Die nacht had ik slecht geslapen. Wel logisch eigenlijk. Want ik verliet mijn stam (waarschijnlijk) voor goed.
Ik keek mijn tas nog één keer goed na, zodat ik niets zou vergeten.
Volgens mij zat alles erin.
Boog, zevenentwintig pijlen, genoeg voedsel voor zeven dagen, vuursteentjes, en een doek waar een boodschap op was geschreven door iedereen.

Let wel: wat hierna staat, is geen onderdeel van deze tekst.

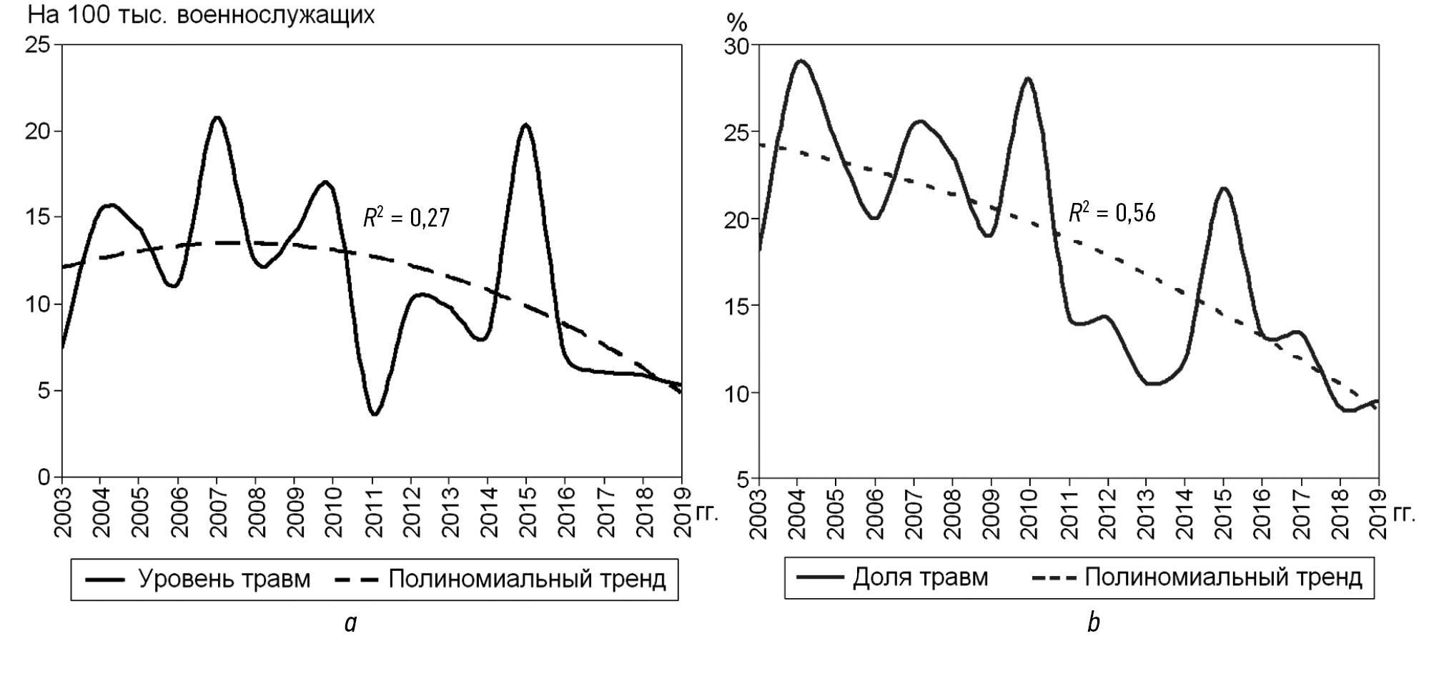 Среднегодовой уровень смертности, обусловленный травмами, в 2003–2019 гг. (рис. 13) составил 11,11 ± 1,26 на 100 тыс. военнослужащих-женщин, смертности по всем классам МКБ-10 — 61,74 ± 4,30. Полиномиальный тренд при низком коэффициенте детерминации (R2 = 0,27) показывает тенденцию уменьшения данных (см. рис. 13, а). Среднегодовая доля смертности военнослужащих с травмами оказалась 18,0 ± 1,6% от структуры смертности по всем классам МКБ-10. Полиномиальный тренд при значимом коэффициенте детерминации (R2 = 0,56) демонстрирует снижение показателей (см. рис. 13, b).

Ik opende hem en de tranen liepen me weer over de wangen. Iedereen (behalve Ninn, maar haar vingerafdruk stond in het midden) had zijn of haar naam erop gezet en Jacob had er een zin op gezet. Het motto van onze stam
Don’t lost the power of nature.
Ik denk dat niemand zou weten waarover we het hadden als we dit zeiden of schreven. Maar bij mij liepen de tranen over de wangen.
‘Ik weet zeker dat je terug komt. Jij bent geweldig in overleven.’ Hoorde ik een stem zeggen.
Met grote ogen draaide ik me om en zag hem. Jacob.
‘Jake!’ Ik rende naar hem toe en omhelsde hem.
De snikken kwamen met horten en stoten. Hij liet me uithuilen. ‘Ik weet dat het moeilijk is, ‘ ik hoorde dat hij een brok in zijn keel had, net als mij, ‘maar ik kón niet anders.’
‘Ik snap –‘
‘Ik weet dat je het snapt. Maar toch, de sterren hadden het gezegd.’
Ik knikte en drukte me nog steviger tegen hem aan.
‘Ik zal je missen,’ fluisterde hij in mijn oor.
Sommige mensen van de stam dachten dat wij iets hadden. Er was nog nooit iets romantisch gebeurt. Van mij hoefde het niet. Maar als ik moest kiezen dan was het toch Jake.
‘Je moet gaan,’ zei hij.
Ik ademde diep in en liet hem los. Mijn blik vond de zijne. Zijn hand veegde een verloren traan van mijn wang.
‘Sorry dat je niemand meer mag zien.’
Het was een regel, dat als je het ritueel moest uitvoeren dat je alleen afscheid mocht nemen van het stamhoofd op de dag dat je weg moest.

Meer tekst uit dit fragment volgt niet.